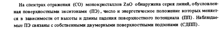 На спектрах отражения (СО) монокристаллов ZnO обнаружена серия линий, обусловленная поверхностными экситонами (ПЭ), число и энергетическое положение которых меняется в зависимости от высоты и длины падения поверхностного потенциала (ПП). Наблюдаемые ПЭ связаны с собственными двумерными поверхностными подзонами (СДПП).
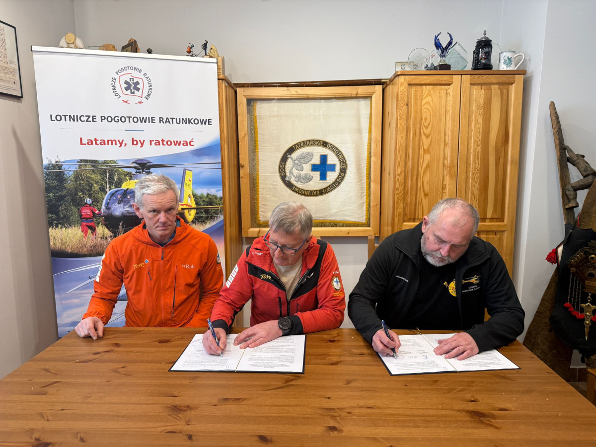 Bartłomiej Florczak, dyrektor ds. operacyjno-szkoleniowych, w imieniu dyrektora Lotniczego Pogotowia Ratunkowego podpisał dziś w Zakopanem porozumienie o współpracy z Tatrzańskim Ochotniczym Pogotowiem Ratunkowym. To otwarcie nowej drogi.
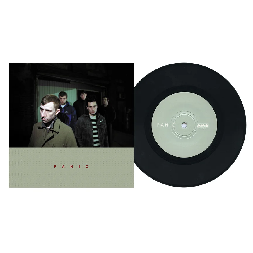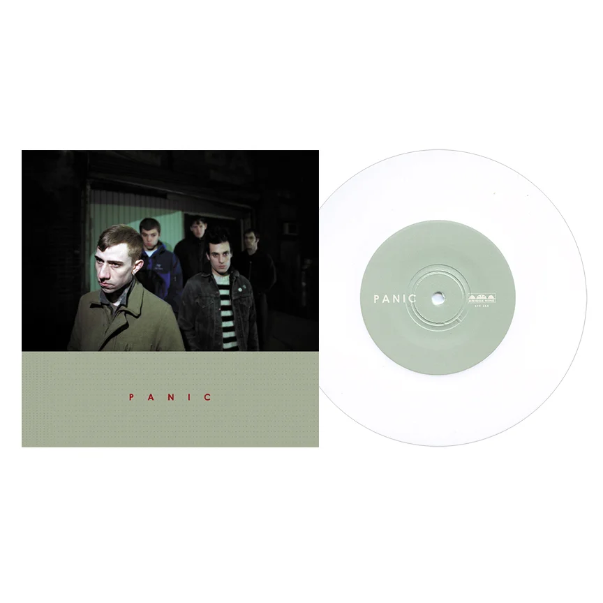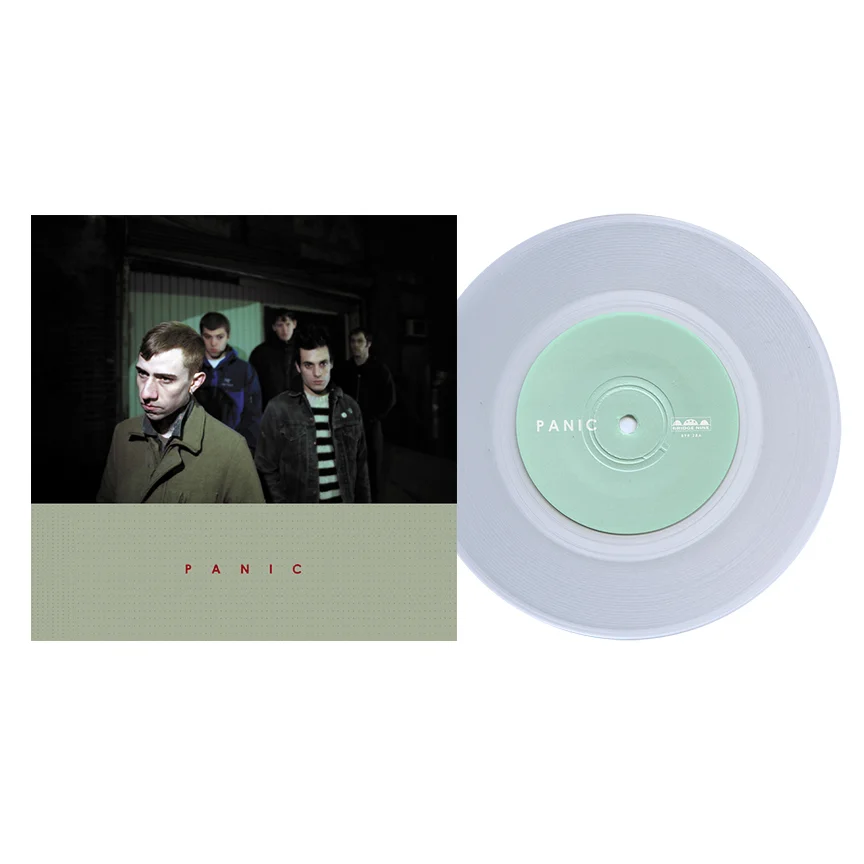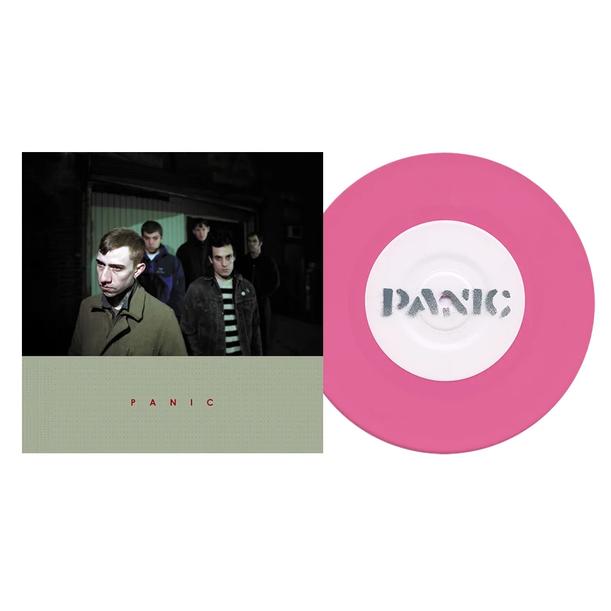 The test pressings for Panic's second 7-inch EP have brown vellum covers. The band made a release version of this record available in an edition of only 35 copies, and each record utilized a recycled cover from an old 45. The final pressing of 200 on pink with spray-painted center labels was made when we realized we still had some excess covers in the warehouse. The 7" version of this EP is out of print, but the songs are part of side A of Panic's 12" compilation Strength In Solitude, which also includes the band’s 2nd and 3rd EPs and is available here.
┄┄┄┄┄┄┄┄┄┄┄┄┄┄┄┄┄┄┄┄
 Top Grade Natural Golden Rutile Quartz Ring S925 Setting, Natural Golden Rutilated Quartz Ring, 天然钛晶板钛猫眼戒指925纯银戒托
┄┄┄┄┄┄┄┄┄┄┄┄┄┄┄┄┄┄┄┄
EXERCISE AIM >>
Copy the listing above exactly, but only from the line with "На спектрах отражения" through the line with "Bartłomiej Florczak, dyrektor", including those two lines and excluding any picture.

EXERCISE ANSWER >>
 На спектрах отражения (СО) монокристаллов ZnO обнаружена серия линий, обусловленная поверхностными экситонами (ПЭ), число и энергетическое положение которых меняется в зависимости от высоты и длины падения поверхностного потенциала (ПП). Наблюдаемые ПЭ связаны с собственными двумерными поверхностными подзонами (СДПП).
 Bartłomiej Florczak, dyrektor ds. operacyjno-szkoleniowych, w imieniu dyrektora Lotniczego Pogotowia Ratunkowego podpisał dziś w Zakopanem porozumienie o współpracy z Tatrzańskim Ochotniczym Pogotowiem Ratunkowym. To otwarcie nowej drogi.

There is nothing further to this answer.